SENS As Precursor to Cryonic Revival (September 03 2007)
http://www.acceleratingfuture.com/people-blog/?p=130
Here's a transcript of a talk given last year by Aubrey de Grey on SENS, cryonics and selling the ideas, put together at the People Database project blog: "It seems to me that the technical feasibility of cryonics is hard to sell, because real people out there don't like arguments along the lines of 'It doesn't matter how hard it is, because we've got arbitrarily long.' ... Not for any good reason, you understand. Arguments involving small numbers like '2+2=4' are altogether more effective it seems. ... Ultimately we are talking about four different concepts here: rejuvenating the body, rejuvenating the brain, reviving the body from cryostasis, and reviving the brain from cryostasis. If rejuvenating the body isn't much harder than rejuvenating the brain, then that probably means that we can get from reviving the body from cryostasis to reviving the brain from cryostasis. The difference in difficulty there will be similar. If we can get from rejuvenation, the sort of thing that I work on, keeping people's organs going by maintenance when they're still functioning to reviving those organs from cryostasis, if that's not a terribly big leap, then perhaps it can be done for the brain. ... Similarly, if cryobiology is a legitimate, even admirable field, including cryopreservation and resuscitation of organs, then we shouldn't really have too much difficulty in believing that cryonics is technically feasible in the foreseeable future. I find that this argument works rather well."

Calorie Restriction at SFGate (September 03 2007)

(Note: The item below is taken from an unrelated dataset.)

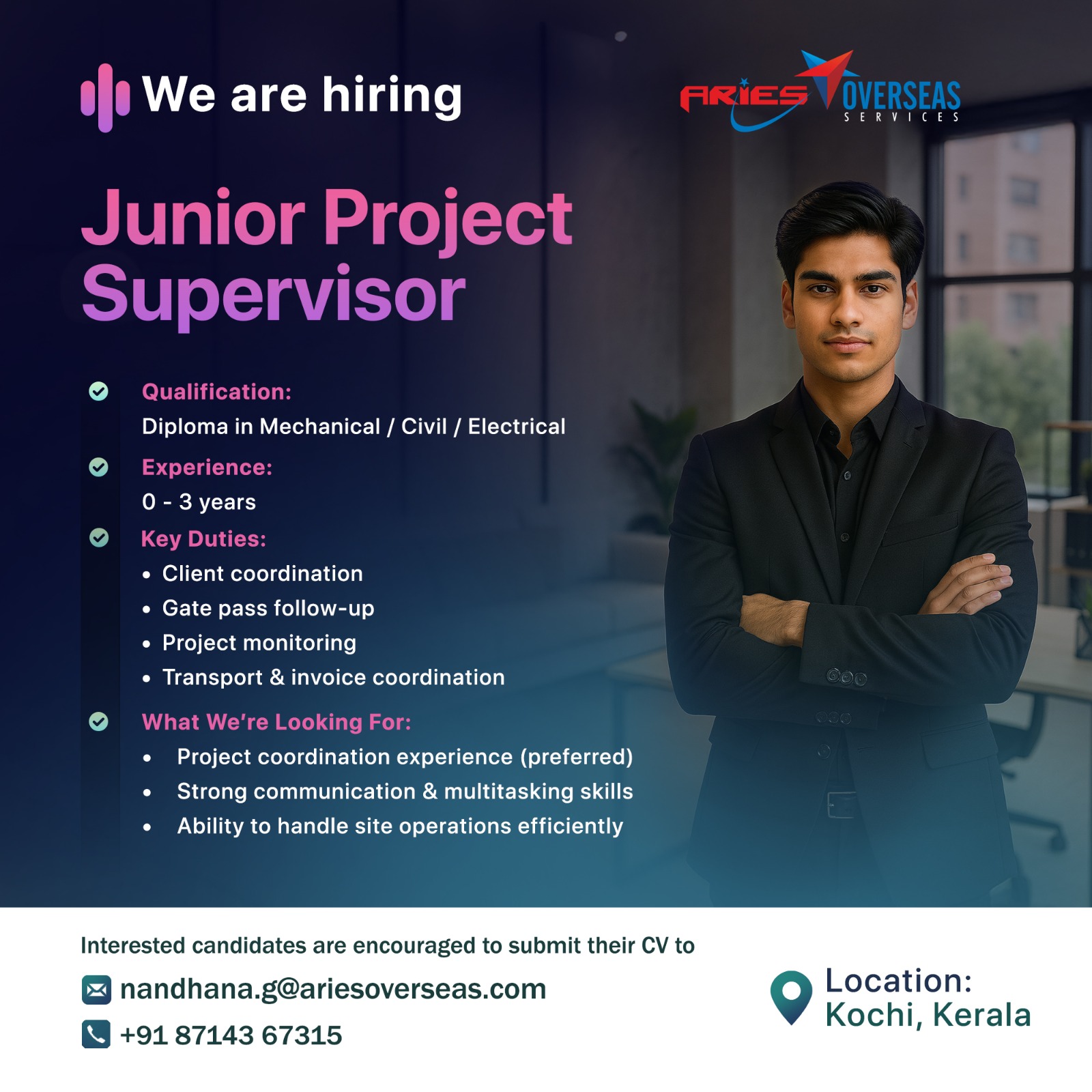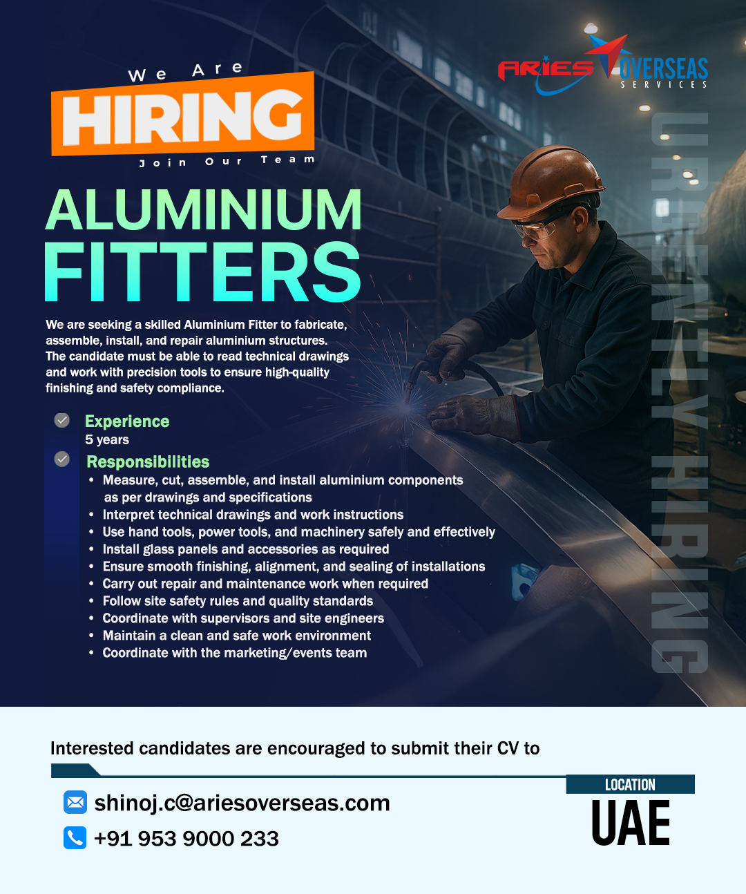 Aries Overseas Services is an International Overseas Recruitment / Human Resource Solutions Provider who actively search, recruit and screen candidates for employment. Aries Overseas Services hold a recruitment license issued by the Ministry of Overseas Indian Affairs with License No. B-0754/KER/PER/1000+/5/9121/2014.

http://www.sfgate.com/cgi-bin/article.cgi?f=/c/a/2007/09/02/CM0CRASBE.DTL
SFGate interviews calorie restriction (CR) practitioners and looks at the science behind CR: "Some of the first willing research subjects were volunteers from the Calorie Restriction Society, who in 2002 offered themselves as subjects for an ongoing study at Washington University School of Medicine. Researchers there have measured markers of health and aging, and their findings, published by the National Academies of Sciences in 2002, say CR led to 'profound and sustained beneficial effects.' These included lowered cholesterol and blood pressure, less body fat and reduced levels of a protein known to cause inflammation, which is believed to be a factor in diseases. ... We used to be considered a bunch of extremist wackos who were starving ourselves to live longer. But now most any major university that does research is doing some on CR ... My friends that I have coffee with in the morning, one has three or four stents in him and has diabetes. Another one has two or three stents and has gout. They are in their late 50s and early 60s and they shouldn't be having these troubles. They watch me every day and they can see the price they are paying."